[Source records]
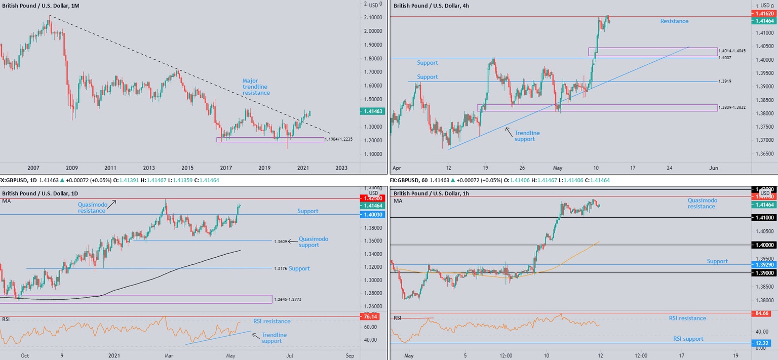 The monthly timeframe shows a trendline resistance breach occurred late 2020. Should the 1.4376 top move aside, longer-term buying may become a key theme in this market. On the daily timeframe, scope to advance is seen until crossing swords with Quasimodo resistance at 1.4250.
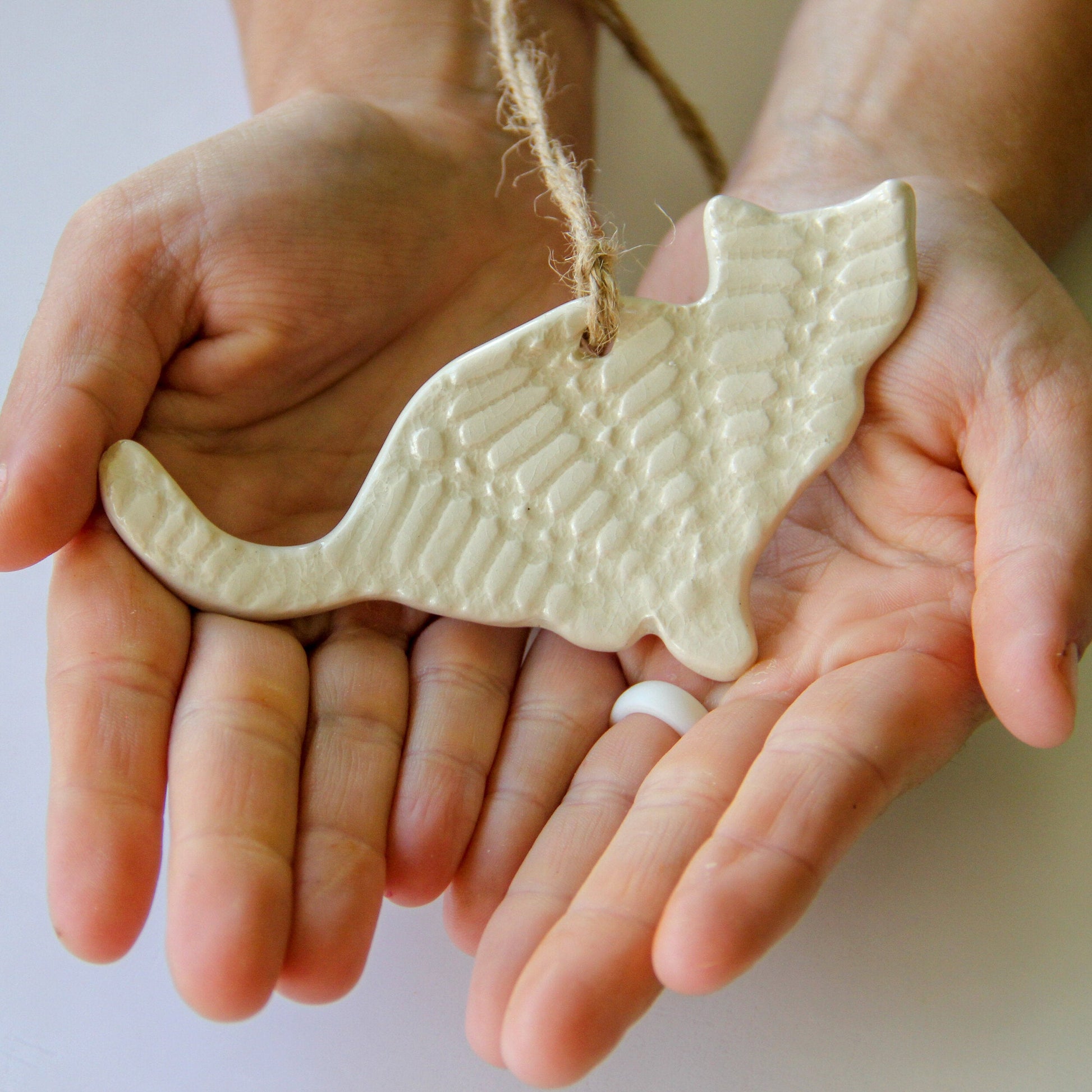 Celebrate the cat lover in your life with this Cat Ornament, perfect to hang on the Christmas tree, tie to a gift, or gift to your loved ones. These precious, handmade ornaments are pressed with lace, and are sure to make you and your loved ones smile this Christmas season.
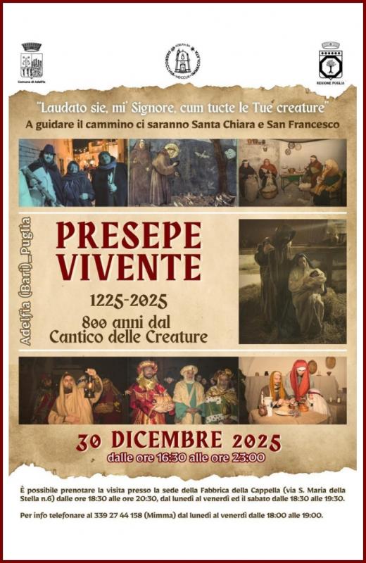 Vivi la magia del Presepe Vivente di Adelfia: un percorso emozionante tra scene storiche, tradizioni e spiritualità che prende vita nel cuore del paese.
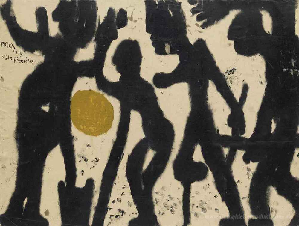 Wir bieten Ihnen eine handgefertigte Reproduktion auf Leinwand des berühmten Kunstwerks 'Potentats d 'Imfirmités' von Louis Soutter, aus dem Reproduktionsmuseum.
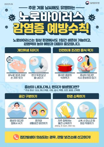 정영화 복지건강국장은 “겨울철 노로바이러스 감염증을 예방하기 위해서는 손 씻기 등 예방수칙 준수와 안전하게 조리된 음식 섭취가 중요하다”며 “영유아 보육시설이나 학교 등에서 집단환자 발생 때는 가까운 보건소로 즉시 신고해달라”고 당부했다.
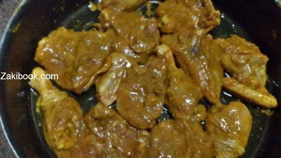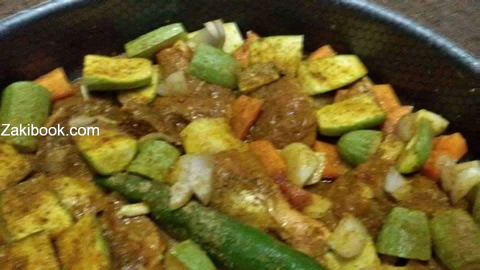 – بنحضر صينيه تيفال وبندهنها زيت وبنصف الدجاج فيها مع بقايا خلطته وبعدها بنضيف الخضار على الدجاج طبعا الدجاج ني والخضار كمان بعدها.
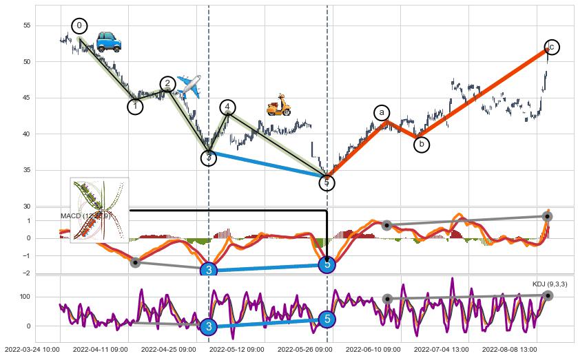 ➣ a,c调整浪MACD, RSI, KDJ走势都【未出现】背离,abc走势延续, 5浪反转概率增强
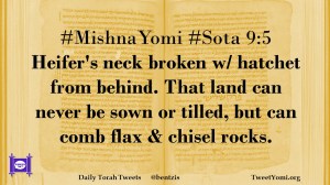 #MishnaYomi #Sota 9:5 Heifer’s neck broken w/ hatchet from behind. That land can never be sown or tilled, but can comb flax & chisel rocks.
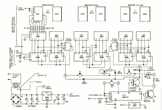 Encontrado numa revista Radio Electronics de novembro de 1977, este circuito digital foi descrito num artigo que o ensinava a montar. O circuito de 6 dígitos consistia num relógio.
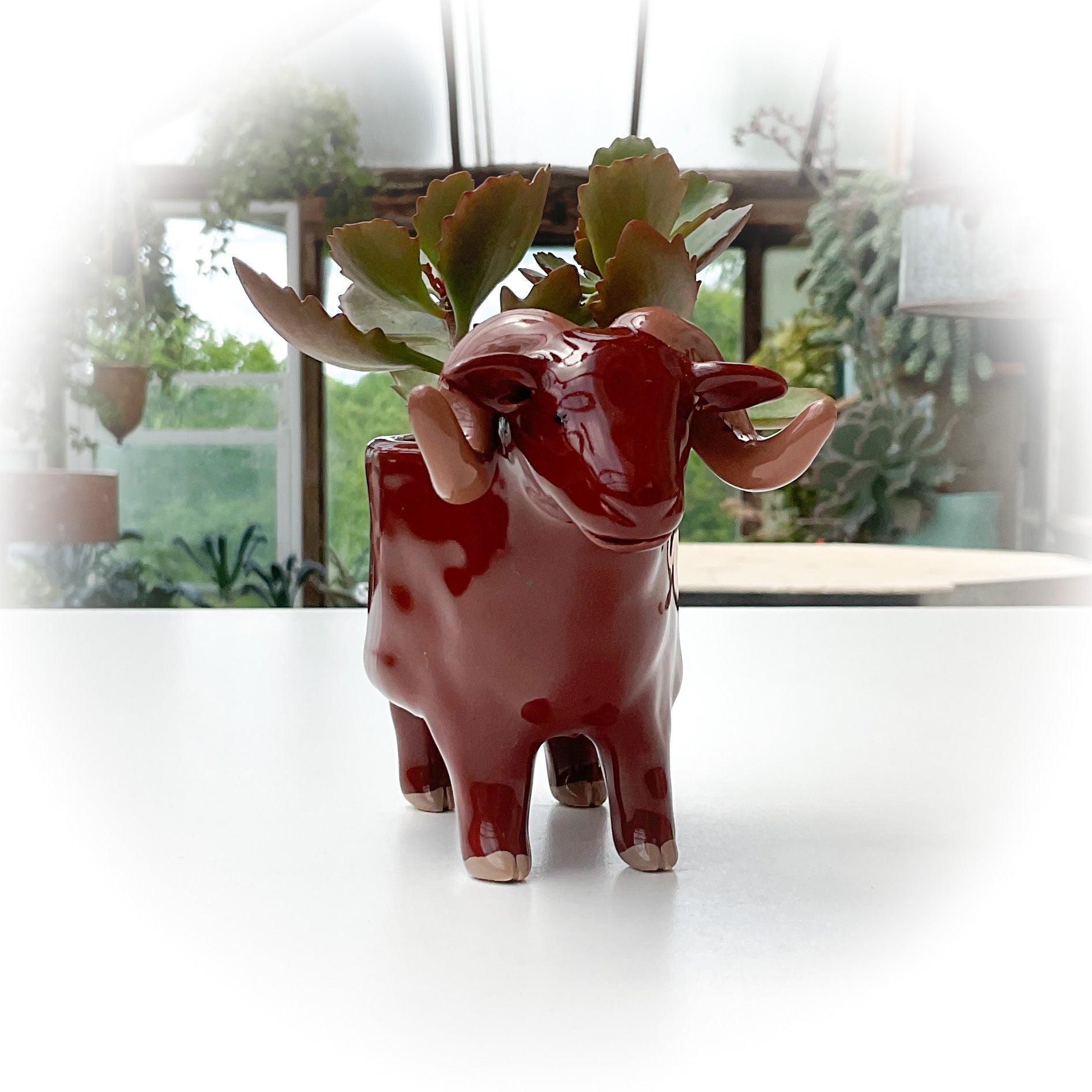 Chestnut Brown Sheep Pot - Ceramic Sheep Planter
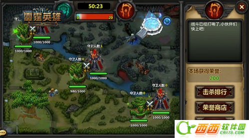 战场中双方各有上中下三个防御塔,玩家可选择其中一个与对方守卫军战斗,胜利后对方防御塔血量下降。战斗中一方的两个防御塔血量为零则失败,战场结束,若时间结束未分胜负,则战场得分较高一方胜出。
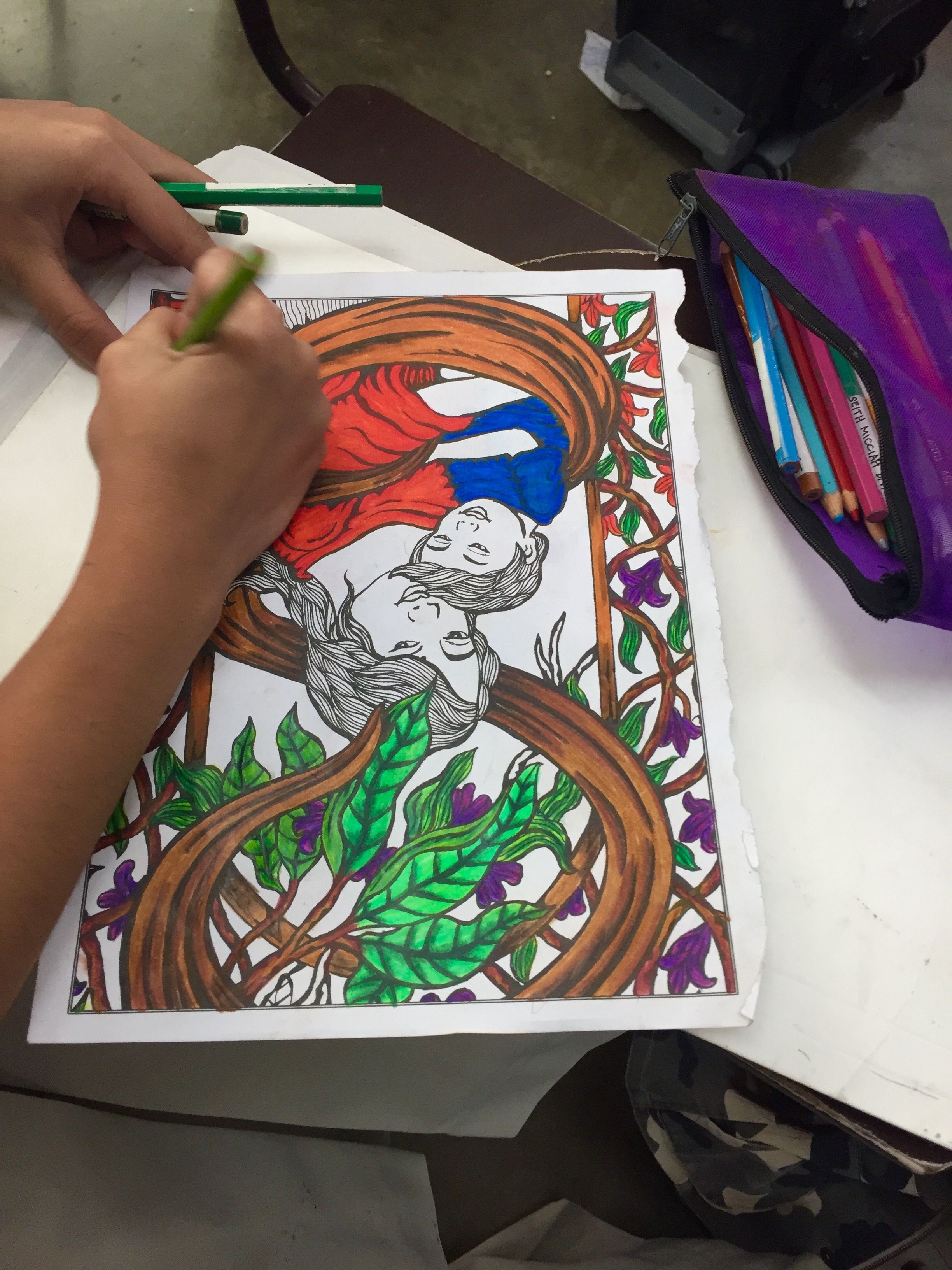 She was engrossed in her coloring materials. (Since the class is done and we are just waiting for their graduation practices, she choose to spend her time in her favorite past time. She has been into the workd of arts since she was Grade 1. However, due to poverty, she was not able to sustain the needs of her hobby thus she borrowed, coloring materials to one of her classmates.

→ EXERCISE DIRECTIONS
Return the data above unchanged. Pictures are not part of the copy.

→ ANSWER TO THE EXERCISE
 The monthly timeframe shows a trendline resistance breach occurred late 2020. Should the 1.4376 top move aside, longer-term buying may become a key theme in this market. On the daily timeframe, scope to advance is seen until crossing swords with Quasimodo resistance at 1.4250.
 Celebrate the cat lover in your life with this Cat Ornament, perfect to hang on the Christmas tree, tie to a gift, or gift to your loved ones. These precious, handmade ornaments are pressed with lace, and are sure to make you and your loved ones smile this Christmas season.
 Vivi la magia del Presepe Vivente di Adelfia: un percorso emozionante tra scene storiche, tradizioni e spiritualità che prende vita nel cuore del paese.
 Wir bieten Ihnen eine handgefertigte Reproduktion auf Leinwand des berühmten Kunstwerks 'Potentats d 'Imfirmités' von Louis Soutter, aus dem Reproduktionsmuseum.
 정영화 복지건강국장은 “겨울철 노로바이러스 감염증을 예방하기 위해서는 손 씻기 등 예방수칙 준수와 안전하게 조리된 음식 섭취가 중요하다”며 “영유아 보육시설이나 학교 등에서 집단환자 발생 때는 가까운 보건소로 즉시 신고해달라”고 당부했다.
 – بنحضر صينيه تيفال وبندهنها زيت وبنصف الدجاج فيها مع بقايا خلطته وبعدها بنضيف الخضار على الدجاج طبعا الدجاج ني والخضار كمان بعدها.
 ➣ a,c调整浪MACD, RSI, KDJ走势都【未出现】背离,abc走势延续, 5浪反转概率增强
 #MishnaYomi #Sota 9:5 Heifer’s neck broken w/ hatchet from behind. That land can never be sown or tilled, but can comb flax & chisel rocks.
 Encontrado numa revista Radio Electronics de novembro de 1977, este circuito digital foi descrito num artigo que o ensinava a montar. O circuito de 6 dígitos consistia num relógio.
 Chestnut Brown Sheep Pot - Ceramic Sheep Planter
 战场中双方各有上中下三个防御塔,玩家可选择其中一个与对方守卫军战斗,胜利后对方防御塔血量下降。战斗中一方的两个防御塔血量为零则失败,战场结束,若时间结束未分胜负,则战场得分较高一方胜出。
 She was engrossed in her coloring materials. (Since the class is done and we are just waiting for their graduation practices, she choose to spend her time in her favorite past time. She has been into the workd of arts since she was Grade 1. However, due to poverty, she was not able to sustain the needs of her hobby thus she borrowed, coloring materials to one of her classmates.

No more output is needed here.